Denis's map is essentially the map on the WotC site (which I think was done by Mike Schley), but more in the style of the old Harn maps, in that the buildings are stark white shapes.

If you really want a huge resolution version of the map, the LGJ poster can't be beat.


----------



## Infernal Teddy (Dec 30, 2010)

There's also this, which I just discovered: Maldin's Greyhawk - The City of Greyhawk


----------



## mattcolville (Dec 30, 2010)

Filcher said:


> Is this detailed enough?
> 
> http://www.wizards.com/dnd/images/CastleGreyhawk_Maps/107031.jpg




When I say detailed I mean; what is this street called? What is this building?

For which that map, which I have, has no details.


----------



## mattcolville (Dec 30, 2010)

Infernal Teddy said:


> There's also this, which I just discovered: Maldin's Greyhawk - The City of Greyhawk




That looks great. I guess I'm looking for that, but bigger, with something explaining what everything is.


----------



## Infernal Teddy (Dec 30, 2010)

mattcolville said:


> When I say detailed I mean; what is this street called? What is this building?
> 
> For which that map, which I have, has no details.

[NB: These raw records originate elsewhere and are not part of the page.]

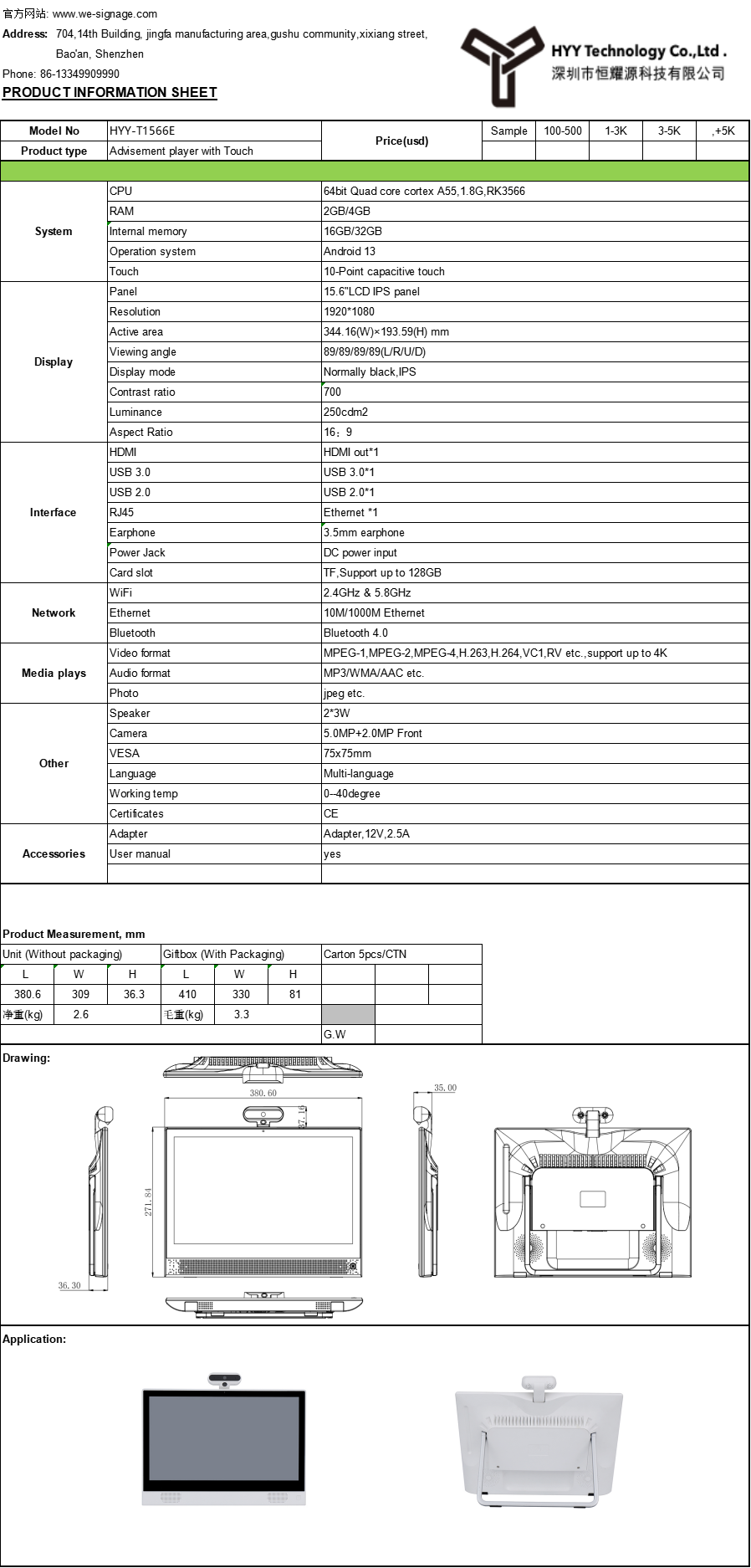 Specifications of the 15.6 inch Table Stand White LCD Touch Monitor With Double Camera:
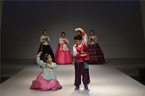 张顺爱副教授和国际交流学院的车亰花老师参加表演,得到了广大师生的热烈欢迎。演出以“春之声——时尚韩服”展开,接着是“爱之歌——传统韩服”,紧接着是“泛水荷塘”、“冰菊物语”、“丝巾旗袍舞”、“秋之韵——宫廷韩服”、“旗袍雅致”、“花之谷——艺术韩服”等节目,最后以“阿里郎——韩服盛宴”结尾。舞蹈与表演相结合的此次时尚秀以创意形式传承民族服饰经典,传播民族文化,展现韩服与旗袍之美丽,展现了当今职业女性的风貌。
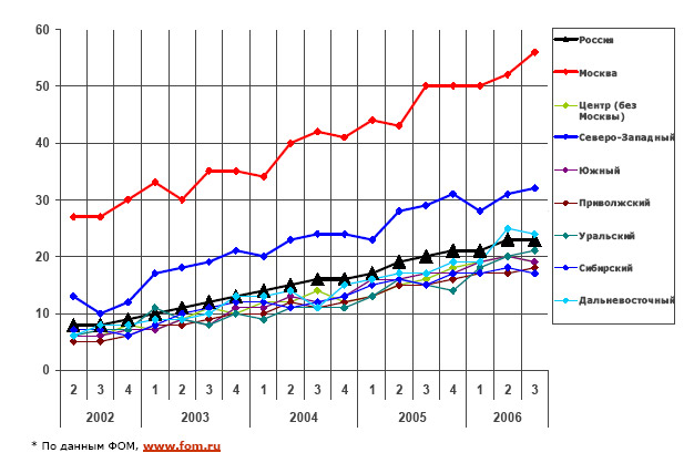 Активно растет российская аудитория интернета. По результатам проведенных исследований Romir monitoring, в IV квартале истекшего года 21 % населения России старше 18 лет (а это около 24 млн человек) использует интернет.
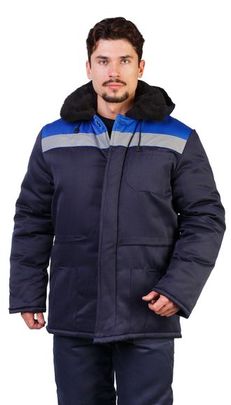 КУРТКА МУЖСКАЯ "ПАТРИОТ" ЗИМНЯЯ С МЕХОВЫМ ВОРОТНИКОМ Т-СИНЯЯ С ВАСИЛЬКОВЫМ ТК ОКСФОРД
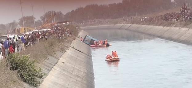 बस नियन्त्रण गुमाएर नहरमा खसेको हुन सक्ने आँकलन गरिएको छ । प्रदेशका मुख्यमन्त्री शिवराज सिंह चौहानले उद्धारकार्य जारी रहेको बताउनुभएको छ ।
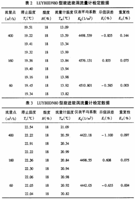 氣體流(liu)量計離線(xian)檢定過程(cheng)中,檢定室(shi)的環境溫(wen)度及滞☂️止(zhǐ)容器的溫(wēn)度有時候(hou)無法保證(zheng),比如由于(yu)天熱或天(tiān)冷,有的檢(jian)定員會将(jiang)檢定室房(fang)門關上,并(bing)開啓空調(diào),造成檢定(dìng)介質的流(liu)通不通暢(chàng);還有的檢(jian)定室滞止(zhǐ)容🐇器安裝(zhuāng)位置距離(li)窗✏️戶較近(jin),陽光可以(yǐ)直🈲射容器(qi),在窗戶上(shang)沒有任何(he)遮陽措施(shī)的情況下(xià),滞止容器(qi)的溫度明(ming)顯高于正(zhèng)常條件下(xia)的滞止容(rong)器溫度。通(tōng)過對氣體(tǐ)流量計在(zai)不同條🌈件(jian)下進行試(shì)驗分析,并(bìng)選取了具(jù)有🏃♂️代表性(xing)的LUYBIIDN80型旋進(jin)💚旋渦流量(liang)計✏️某次檢(jiǎn)定數據(大(dà)氣壓力爲(wèi)101.81kPa,環境溫度(dù)爲13.00℃,滞止容(róng)器平均溫(wēn)度爲15.33℃)如表(biǎo)1所示。
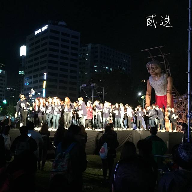 在东大门那偶遇的韩国风俗文化路演木偶戏,和小伙伴学着韩国群众一起席地而坐看了快一小时吧,还有盛大的烟花,我们举着帽子挡在头顶,烟花都会掉在我们身上,又好看又要担心会不会烧到……这个意外遇到的演出很将人带入本地生活的感觉。照片是已经结束的时候大家都站起来了,演员们都上台谢幕跳舞。
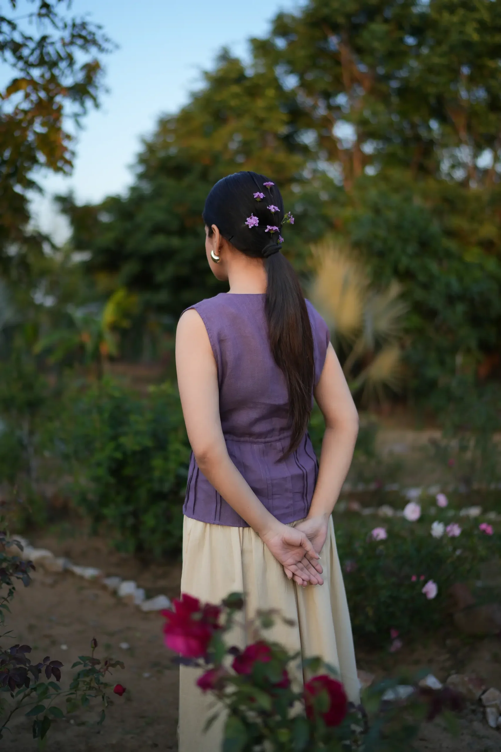 The Primrose top is made from soft, breathable linen. It features hand embroidery work at the neckline and a tie detail at the waist to adjust the fit as needed.
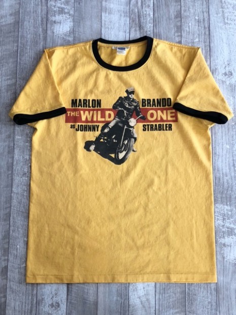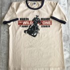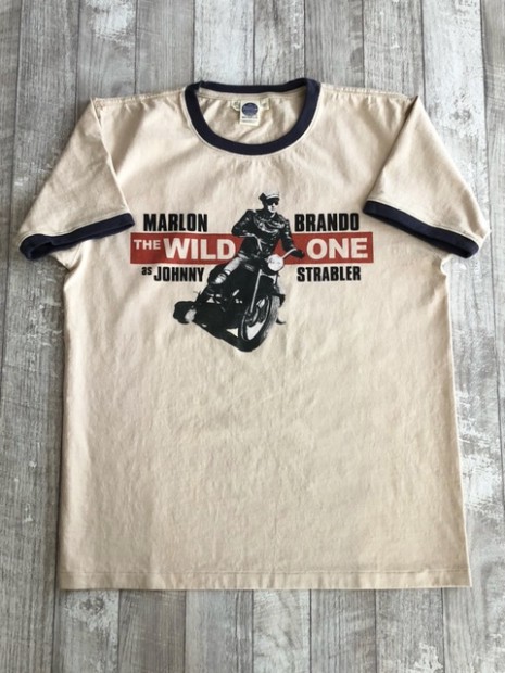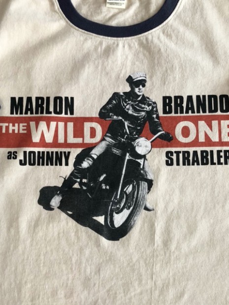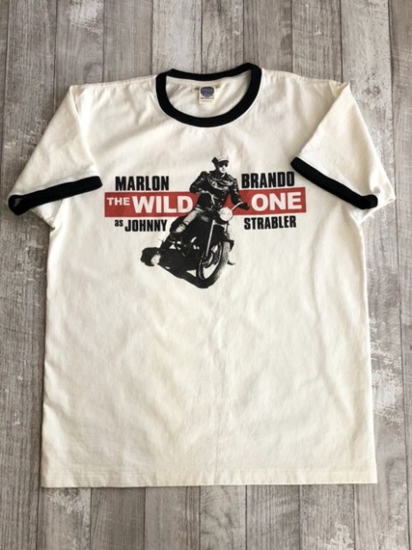 【トイズマッコイ】 ジョニー リンガーTEE ”ジョニー ストレイブラー” 1953年アメリカで『THE WILD ONE』が封切られた当時の広告ビジュアルを採用したTシャツ。背面にはマーロン・ブランドが着用したDURABLEのワンスター、そして映画の冒頭で大人に成長した主人公、ジョニーが過去を回想するナレーションの一節を添えました。ベースTシャツもマーロン・ブランド扮するジョニー・ストレイブラーを彷彿させるリンガーTシャツとしました。
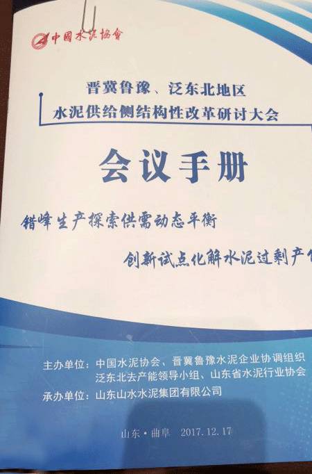 會議由中國水泥協(xié)會、晉冀魯豫水泥企業(yè)協(xié)調(diào)組織泛東北去產(chǎn)能領(lǐng)導(dǎo)小組、山東省水泥行業(yè)協(xié)會主辦。由山東山水水泥集團有限公司承辦。會議議題分為政策發(fā)布,協(xié)會領(lǐng)導(dǎo)講話和會議交流等。
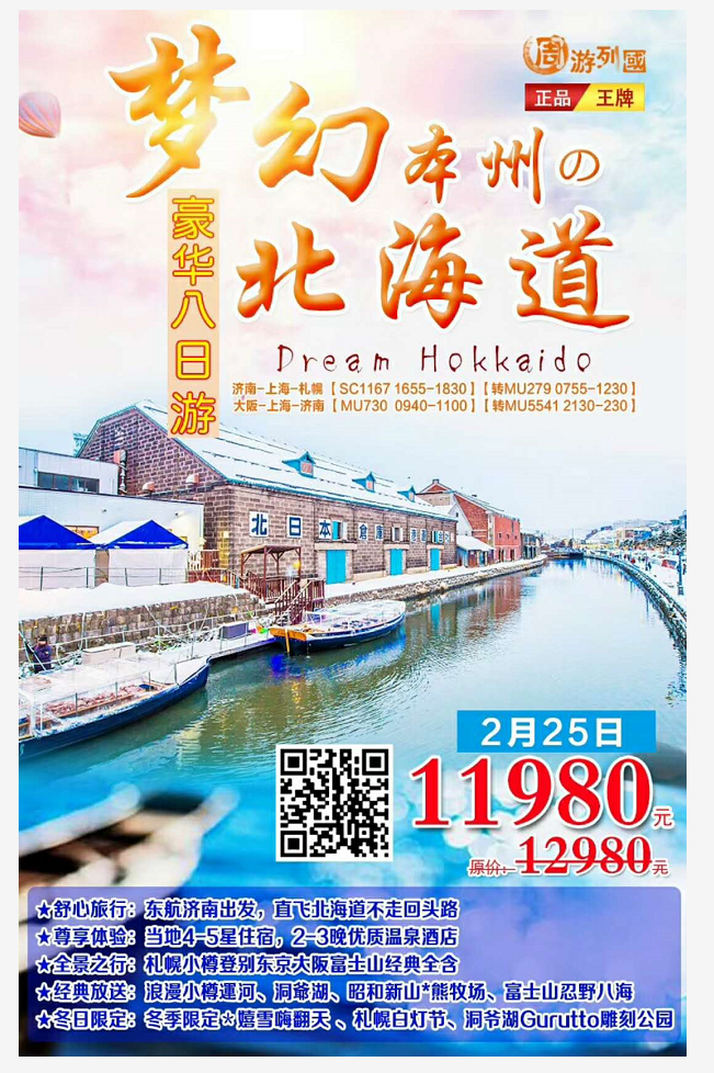 2月25號(新春)雪國浪漫”北海道+本州豪華8日(濟南起止) 2018-2-2 本文被閱讀 2565 次
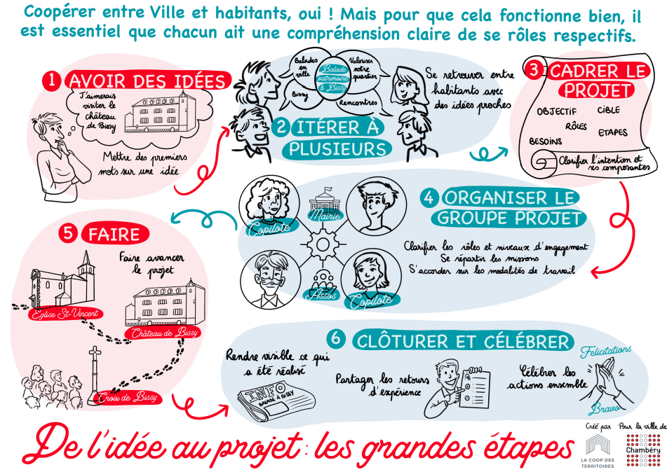 Pendant 6 mois, la Coop des Territoire a accompagné la Ville à définir un cadre et des méthodes à la gestion des projets issus d’initiative citoyenne, à la fois du côté des habitants (de l’idée ou la doléance à la proposition claire d’un projet) que des services de la Ville (accompagner le processus, pour faciliter la mise en oeuvre opérationnelle).
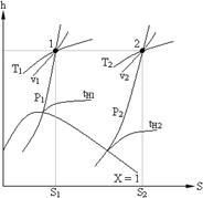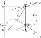 Решение. По диаграмме h – S (см. рис.8.7) находим начальное состояние пара, точка 1. Принимая h1 = h2, находим конечное состояние пара, точка 2.
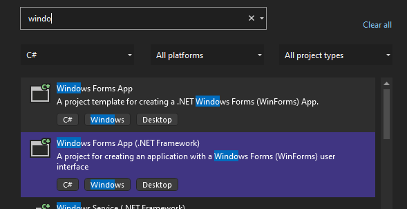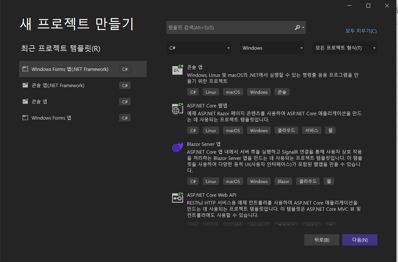 1.아래와 같이 프로젝트생성시 .NetFramework를 선택해주세요.
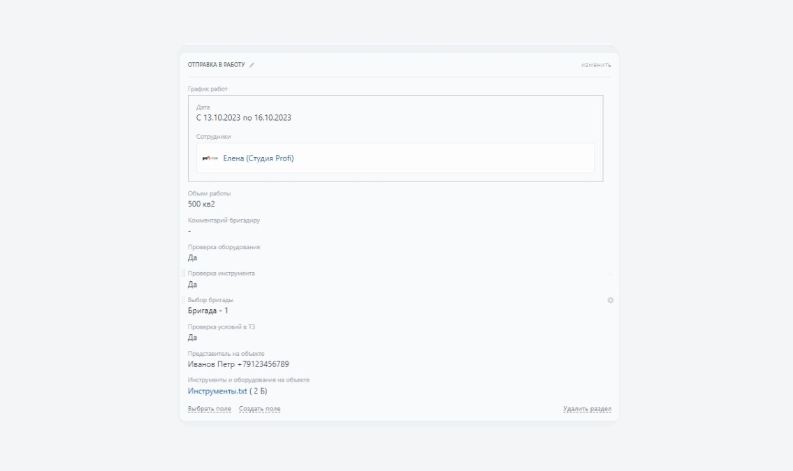 Все заполненные бригадиром в отчете данные попадают в отдельную карточку, к которой в последствии обращаются и другие участники процесса.
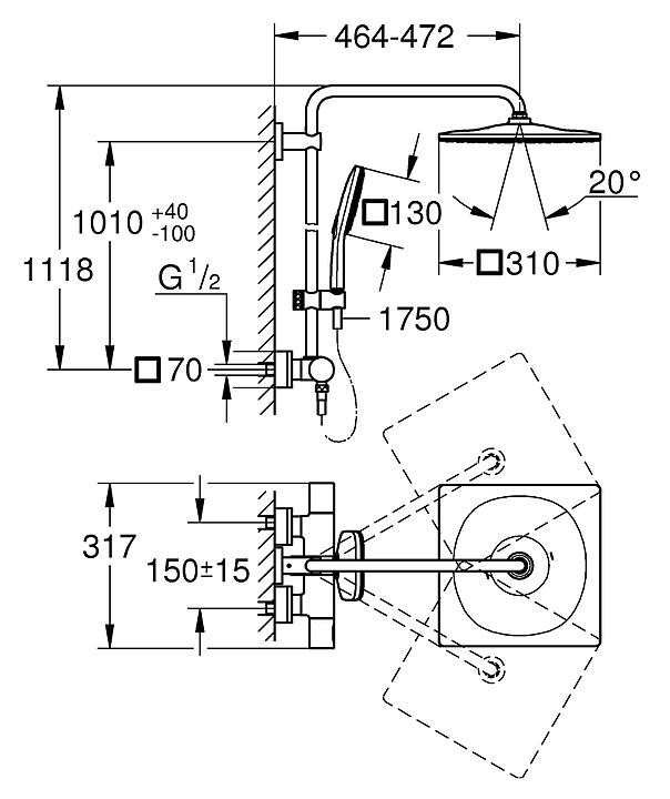 Душевая система с термостатом Grohe Rainshower SmartActive 310 26649000
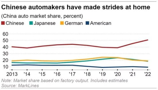 在中国汽车市场,风头正劲的是本土巨头比亚迪和美国纯电动汽车巨头特斯拉。据调查公司MarkLines统计,2022年乘用车销售市场份额(以工厂出货数量为准)方面,中国车企约占51%,比上年提高5.2个百分点;日本车企仅占约18%,下降2.8个百分点。
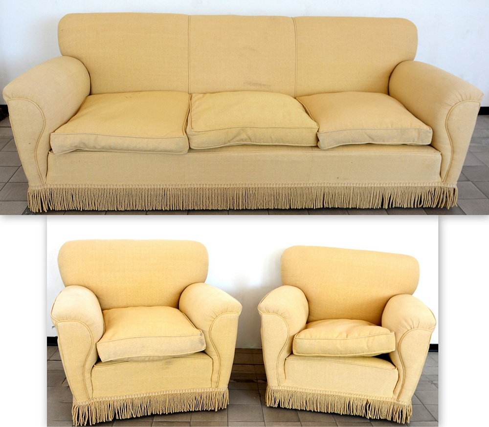 Fornitura da salotto composta da un divano a tre posti e due poltrone rivestite in tessuto giallo frangiato (difetti)
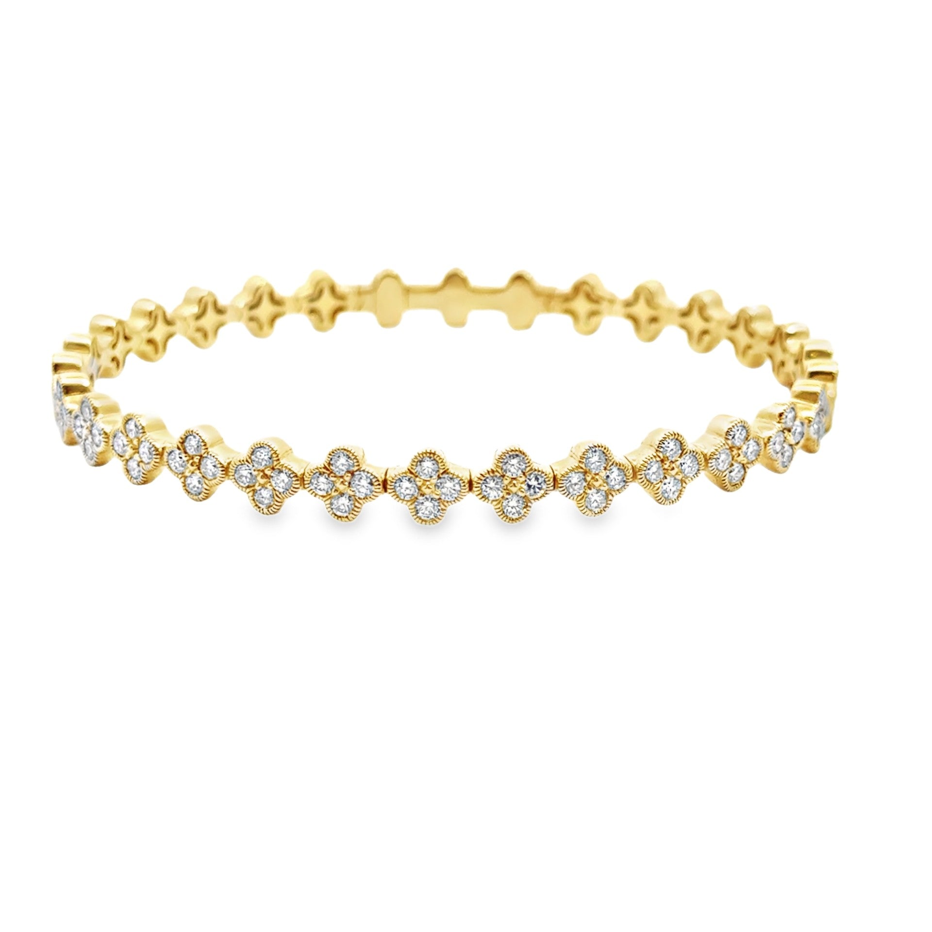 14k white gold diamond flower eternity bangle bracelet 2.75ctw
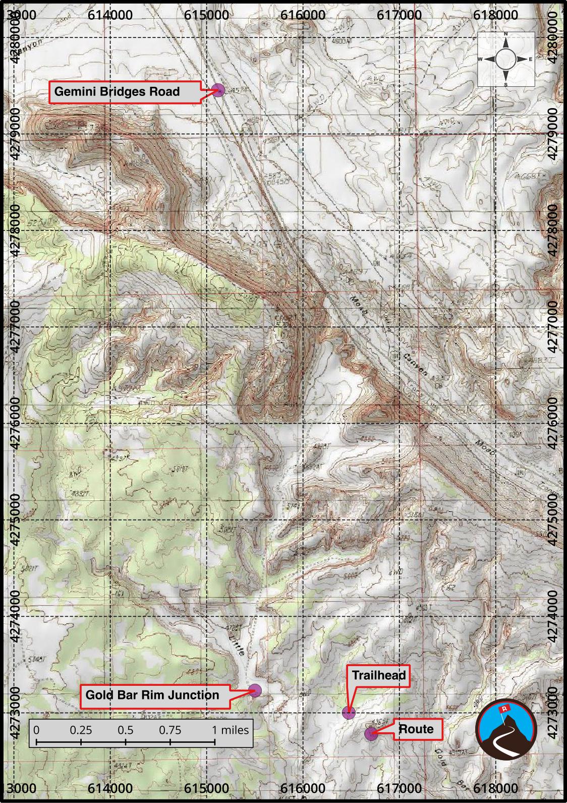 - Stay on the main Gemini Bridges road for 4.7 miles to the signed Gold Bar Rim junction. Right goes up a steep hill and to Gemini Bridges. You go left here instead, following a wash, then exiting up a steep hill. ( 12S 615501E 4273230N / 38°36'00"N 109°40'25"W )
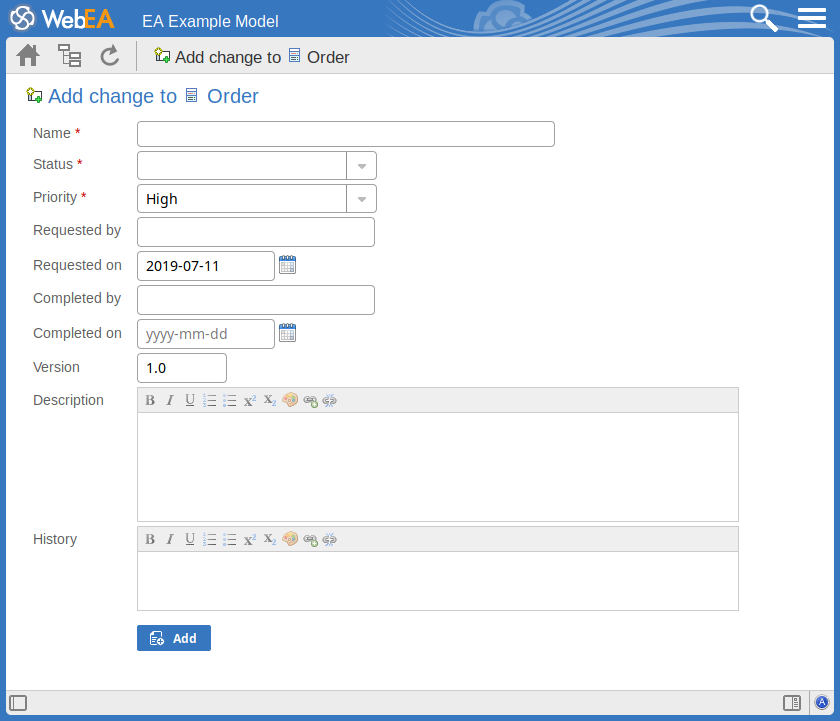 Click on this button to submit the details and create the change request on the selected element. This message is displayed: Change <name> was successfully added to <element name>. Either:
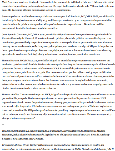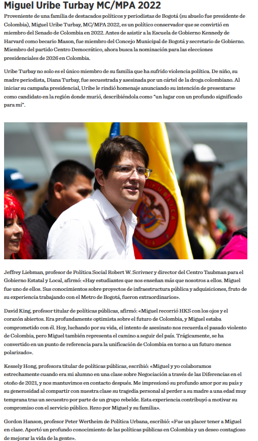 La comunidad de la Harvard Kennedy School rindió un emotivo homenaje al senador Miguel Uribe Turbay y a la congresista de Estados Unidos, Melissa Hortman, ambos exalumnos de la universidad, quienes fueron víctimas de la violencia política. En un mensaje cargado de emoción, la institución expresó: “La comunidad de HKS está profundamente entristecida y conmocionada por los tiroteos que afectaron a Melissa Hortman, MC/MPA 2018, representante del estado de Minnesota, y a Miguel Uribe Turbay, MC/MPA 2022, senador colombiano y candidato presidencial.”

Thing is, the map from the Original City of Greyhawk Box only names a few streets, so you're out of luck there...


----------



## mattcolville (Dec 30, 2010)

Infernal Teddy said:


> Thing is, the map from the Original City of Greyhawk Box only names a few streets, so you're out of luck there...




But the Free City of Greyhawk box does have that. I just don't have that box.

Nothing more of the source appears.